**Activity**
Below is a listing; retype exactly the lines between the one containing "电子邮箱 | 当前就读:深圳市XXX学校 —————————————————————————" and the one containing "В ходе торжественного", inclusive, minus the pictures.

**Data shown**
= = = = = = =
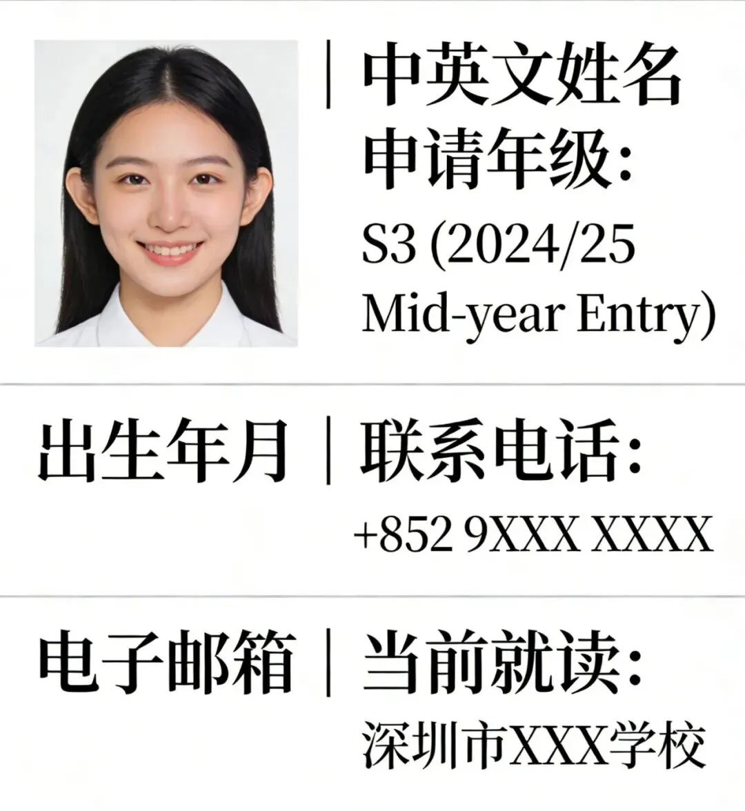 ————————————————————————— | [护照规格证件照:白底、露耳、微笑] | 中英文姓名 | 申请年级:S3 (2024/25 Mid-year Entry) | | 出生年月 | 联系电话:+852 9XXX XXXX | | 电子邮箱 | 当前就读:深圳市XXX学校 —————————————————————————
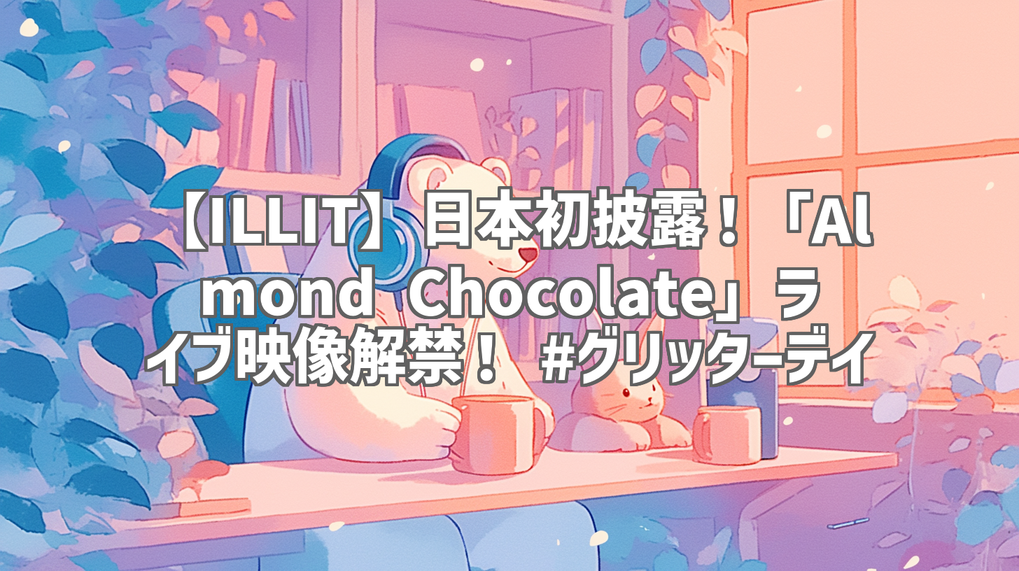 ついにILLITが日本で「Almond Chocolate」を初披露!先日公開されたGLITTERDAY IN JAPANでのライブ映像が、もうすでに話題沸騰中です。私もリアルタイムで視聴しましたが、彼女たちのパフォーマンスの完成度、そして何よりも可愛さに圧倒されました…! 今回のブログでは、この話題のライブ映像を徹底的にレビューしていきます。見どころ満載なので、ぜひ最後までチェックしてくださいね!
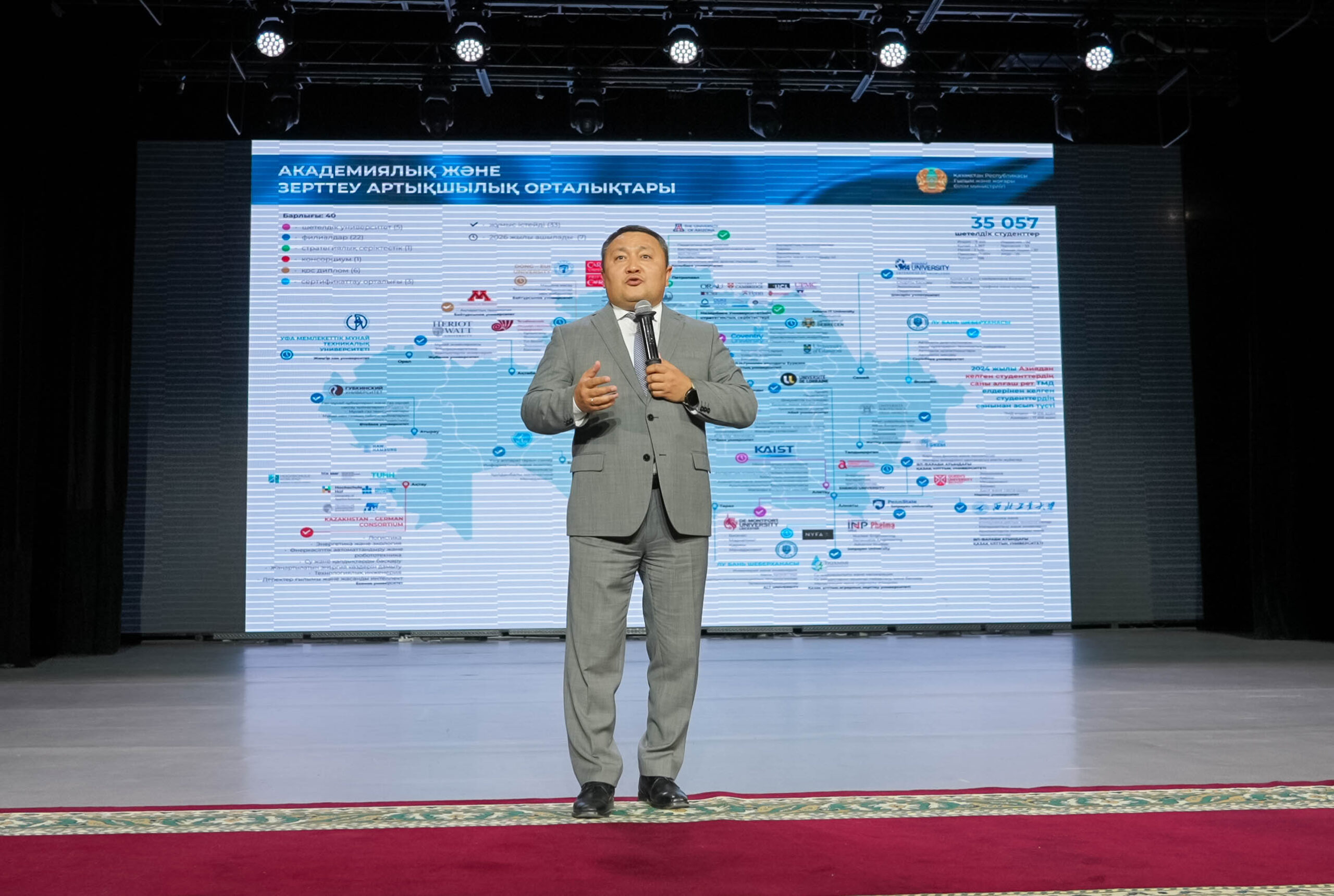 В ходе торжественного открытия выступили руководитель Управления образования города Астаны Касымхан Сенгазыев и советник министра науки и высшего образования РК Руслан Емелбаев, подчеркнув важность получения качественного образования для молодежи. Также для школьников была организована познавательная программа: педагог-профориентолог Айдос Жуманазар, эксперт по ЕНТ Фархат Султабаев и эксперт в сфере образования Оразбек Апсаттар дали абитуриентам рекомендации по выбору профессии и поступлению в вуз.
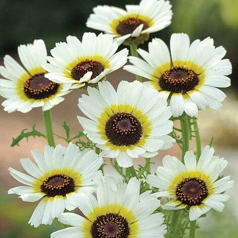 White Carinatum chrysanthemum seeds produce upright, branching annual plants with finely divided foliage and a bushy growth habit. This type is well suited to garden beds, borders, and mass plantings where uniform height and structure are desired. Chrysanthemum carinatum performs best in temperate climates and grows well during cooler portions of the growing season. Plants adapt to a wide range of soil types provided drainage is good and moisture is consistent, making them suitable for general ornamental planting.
= = = = = = =
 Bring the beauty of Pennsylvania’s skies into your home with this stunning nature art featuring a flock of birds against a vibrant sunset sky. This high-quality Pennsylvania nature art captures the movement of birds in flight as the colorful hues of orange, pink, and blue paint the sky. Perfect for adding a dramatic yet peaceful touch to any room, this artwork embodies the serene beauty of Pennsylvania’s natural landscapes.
= = = = = = =
**Answer to the problem**
 ————————————————————————— | [护照规格证件照:白底、露耳、微笑] | 中英文姓名 | 申请年级:S3 (2024/25 Mid-year Entry) | | 出生年月 | 联系电话:+852 9XXX XXXX | | 电子邮箱 | 当前就读:深圳市XXX学校 —————————————————————————
 ついにILLITが日本で「Almond Chocolate」を初披露!先日公開されたGLITTERDAY IN JAPANでのライブ映像が、もうすでに話題沸騰中です。私もリアルタイムで視聴しましたが、彼女たちのパフォーマンスの完成度、そして何よりも可愛さに圧倒されました…! 今回のブログでは、この話題のライブ映像を徹底的にレビューしていきます。見どころ満載なので、ぜひ最後までチェックしてくださいね!
 В ходе торжественного открытия выступили руководитель Управления образования города Астаны Касымхан Сенгазыев и советник министра науки и высшего образования РК Руслан Емелбаев, подчеркнув важность получения качественного образования для молодежи. Также для школьников была организована познавательная программа: педагог-профориентолог Айдос Жуманазар, эксперт по ЕНТ Фархат Султабаев и эксперт в сфере образования Оразбек Апсаттар дали абитуриентам рекомендации по выбору профессии и поступлению в вуз.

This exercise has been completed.